Beyond chatbots: Engineering customers’ proactive AI co-pilot
The solution described above is agentic AI, a proactive, goal-oriented system. Unlike a chatbot that reacts to commands, an agent perceives its environment (market data, customers’ portfolios, and stated goals), reasons through complex information, and takes autonomous action on the customer’s behalf, with appropriate permissions.
While the prospects are promising, many firms struggle to scale AI beyond proofs of concept and deliver value through production-grade assets. A commonly referenced approach is a six-pillar framework intended to establish foundations for enterprise scaling:
- Foundational architecture: A robust, scalable technical architecture upon which AI workloads and agentic systems can be built.
- Operating model: Organisational processes and team structures that support delivery of business value, with AI treated as a core component.
- Readiness of data: Open yet secure access to high-quality data for model training and inference.
- Experience for humans and AI: User-centric design that enables AI to augment human capabilities rather than introduce friction or distrust.
- Strategic alignment: Clear alignment between AI initiatives and broader business strategy to support measurable outcomes.
- Trusted AI: Governance, transparency, and ethics embedded from the outset to support responsible scaling.
Let’s take a deeper look at the characteristics of foundational architectures that support AI at scale.
Foundational architectures suitable for agentic AI
A 2025 MACH Alliance Global Annual Research Report indicated that organisations with established composable architectures were more likely to report broader AI adoption and positive outcomes than those early in their journey, suggesting a link between modular technical foundations and the ability to scale AI initiatives.

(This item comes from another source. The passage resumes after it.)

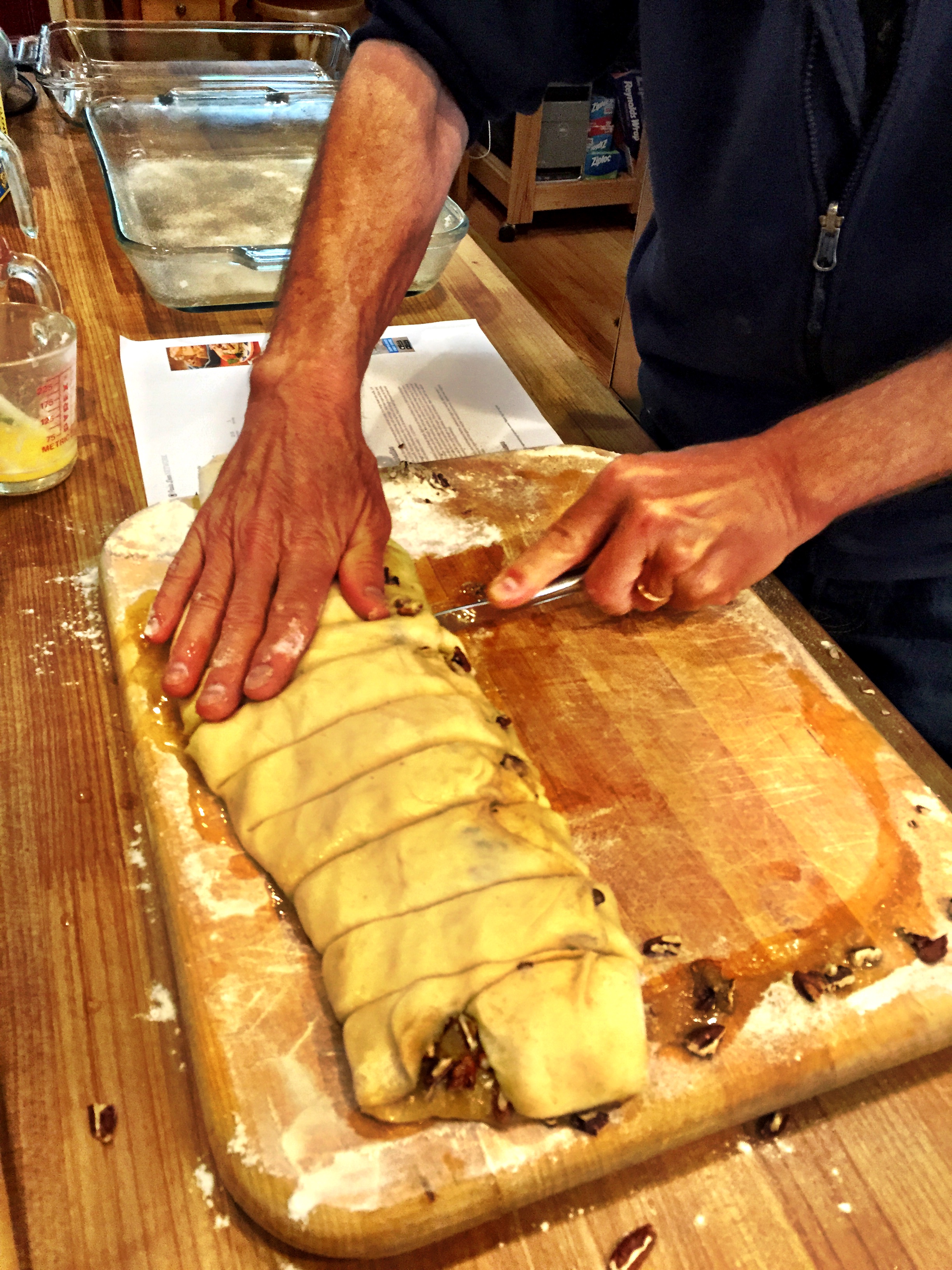 The dough has flour, yeast, egg, cream*, sugar. Here’s Jim kneading it…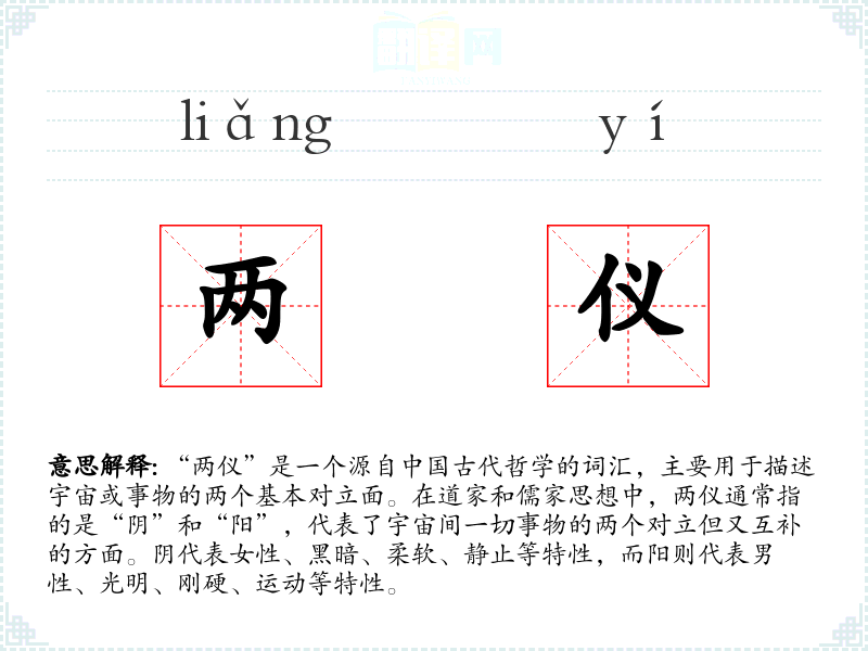 - 反义词:无(因为“两仪”本身描述的是一对对立的概念,所以没有直接的反义词)

Modularising and decoupling existing technology can allow open yet secure access to underlying data through APIs and model context protocol (MCP). MCP is an open standard that enables agents to connect to data sources and tools through a standardised interface. This allows AI models to query and interact securely with business services to perform complex tasks, including actions taken on behalf of users.
For example, an autonomous agent responding to a market event could use MCP to access portfolio details via a client API, calculate revised allocations based on market intelligence, and send those revisions to pricing systems for scenario analysis. The agent could then present a ranked set of options for user selection.
Additionally, modularity and fine-grained access to APIs and data can support a zero-trust strategy, where agents are granted access only to the APIs they require. This is particularly important in wealth management, given security and privacy requirements enforced by MAS (Monetary Authority of Singapore).
Another architectural consideration is evaluation. Effective deployment requires frameworks and tooling that support both online and offline evaluation. Evaluations are systematic assessments used to measure an agent’s performance and reliability, ensuring tasks are executed accurately. LangChain’s State of Agent Engineering report shows that only 38.3% of firms currently evaluate performance using production data.
The point is straightforward. Agentic initiatives should not be treated solely as technology projects. Scaling AI effectively requires architectural decisions that are reinforced by operating models, governance, and user experience.
The future of wealth is 24/7
Wealth management increasingly centres on augmenting financial advisors with intelligent tools that help clients make more timely decisions. A human-plus-machine approach could help address the 5-to-9 advice gap and reduce the amount of capital left idle.
The technology to support this approach exists. Whether it delivers meaningful outcomes depends on how deliberately firms integrate technical, organisational, and governance considerations into their AI strategies.